To reach next generation data excellence, we need data governance
Data governance typically deals with processes and technologies describing the organization’s available data, who owns it and how it is governed throughout the data life cycle. A business meaning is assigned to each individual data item, which is used as the basis to define standards with respect to security, quality, etc. With the introduction of data veracity, additional standards are added to define levels of trust and accuracy.

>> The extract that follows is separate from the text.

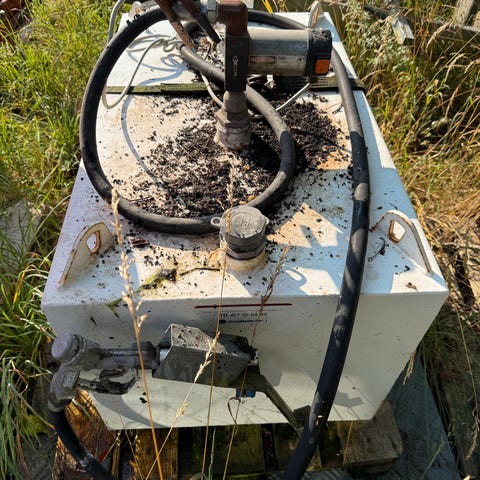 Dieseltank, Dieseltank med pumpe, tæller, tankmåler, pistol. Tanken er tæt og Tom. 220v tilslutning til pumpe. Pumpe kan høres i gang. Kun kontant betaling. Henv. 40 86 03 10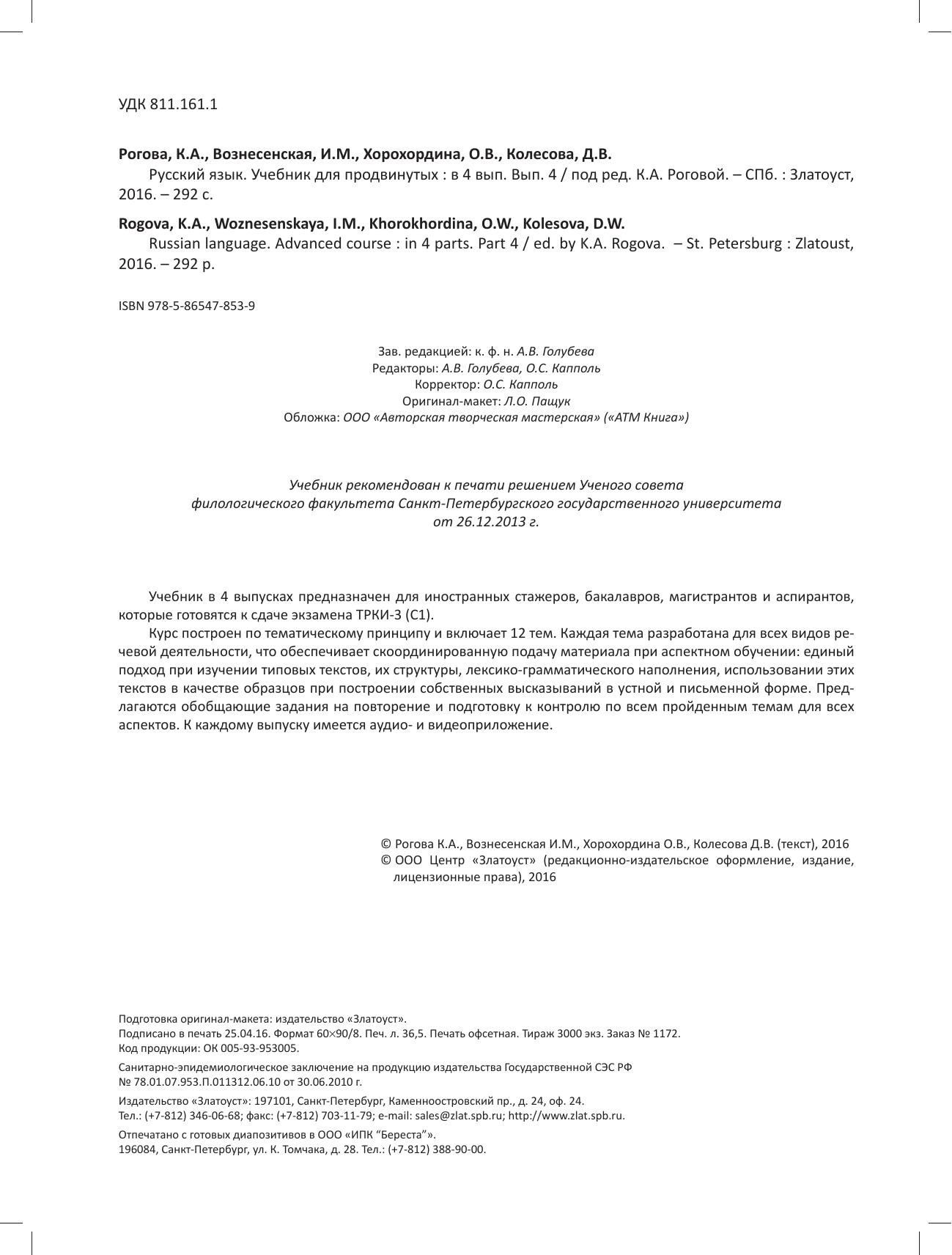 Учебник в 4 выпусках предназначен для иностранных стажеров, бакалавров, магистрантов и аспирантов, которые готовятся к сдаче экзамена ТРКИ-3 (С1).

These definitions and standards are then linked with the systems that store, process and transport the data allowing stakeholders to verify the history from its origin. In the same way that data is aggregated centrally, this information – that is captured in the metadata foundation – is also centralized. Combining it with the right tools allows stakeholders to monitor behavior and context around the data life cycle, mitigating risks that threaten data integrity.
Companies don’t need to start from scratch. They can make use of their existing organizational resources – ramping up existing efforts in data integrity and security. At the same time, investments in cybersecurity and data science can be used to build a data intelligence practice to address data veracity issues. Anomaly detection, for example, can be adapted to monitor data creation, whether the data is originating from physical devices (for instance, checking connected devices for hardware and firmware compliance) or coming from virtual events (for instance, monitoring user events on a server to determine whether they are from a real human user or a bot). By investing in data veracity today, companies will maximize the value of their data – and the data-driven insights and strategies they rely on – for the future.